For a regional city of around 200,000 people, that is a striking result. Townsville is not just leading Australia. It is leading the world on how fast the cost of building is moving. Perth follows on the domestic side, and the broader pattern is clear: Australian cities cluster heavily through the upper part of the global growth table, even though none of them sit near the top for outright cost.

Here are the five fastest-rising construction markets in the world on the current data.

CityCountryTPI change
TownsvilleAustralia+6.0%
HonoluluUnited States+5.6%
JohannesburgSouth Africa+5.6%
TorontoCanada+5.5%
PerthAustralia+5.4%

Source: Compare the Market, Building and Construction Costs 2026. Tender Price Index movement, year to May 2026.

Why speed beats price as the number that matters

Here is the distinction most of the coverage misses, and it is the one builders should care about most.

On absolute cost, Australia sits mid-pack at best.
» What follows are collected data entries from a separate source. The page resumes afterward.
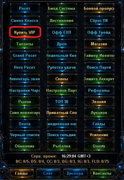 | Откроется меню покупки VIP статуса с детальным описанием его бонусов | ||
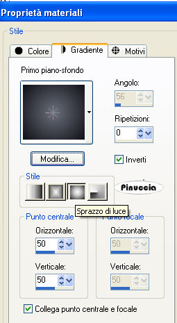 Passa il colore di primo piano a Gradiente di primo piano/sfondo, stile sprazzo di luce, con i seguenti settaggi:
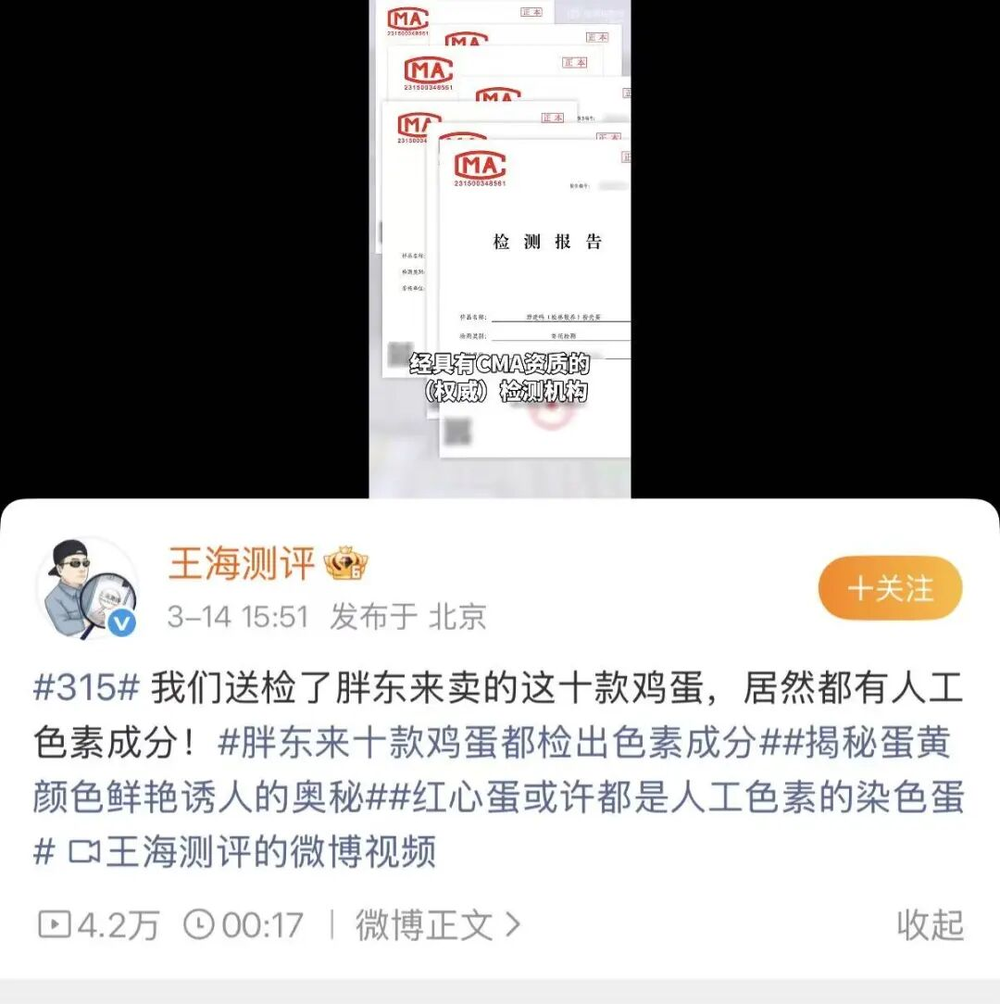 王海团队则咬定公众朴素的知情权。他们希望胖东来正面回应:散养鸡蛋中为何会检出角黄素?该色素来源是否为蛋鸡饲料添加?为何在产品标签或销售页面中未作提示说明?

The expensive end of the global table belongs elsewhere. Hong Kong tops it at around AU$8,880 per square metre, with United States cities like Honolulu and Portland well above anything seen here. Australian cities land lower, between roughly AU$2,200 and AU$3,300 per square metre. On that measure, we look unremarkable.

On the rate of change, we lead the world. And a fast-moving cost is a harder problem to run a business around than a high one.

Think about why. A high cost that sits still is a known quantity. You can price it, quote it, and build your margin on top of it, because the number you quote today is close to the number you pay in six months. A builder in a stable high-cost market knows exactly what they are dealing with.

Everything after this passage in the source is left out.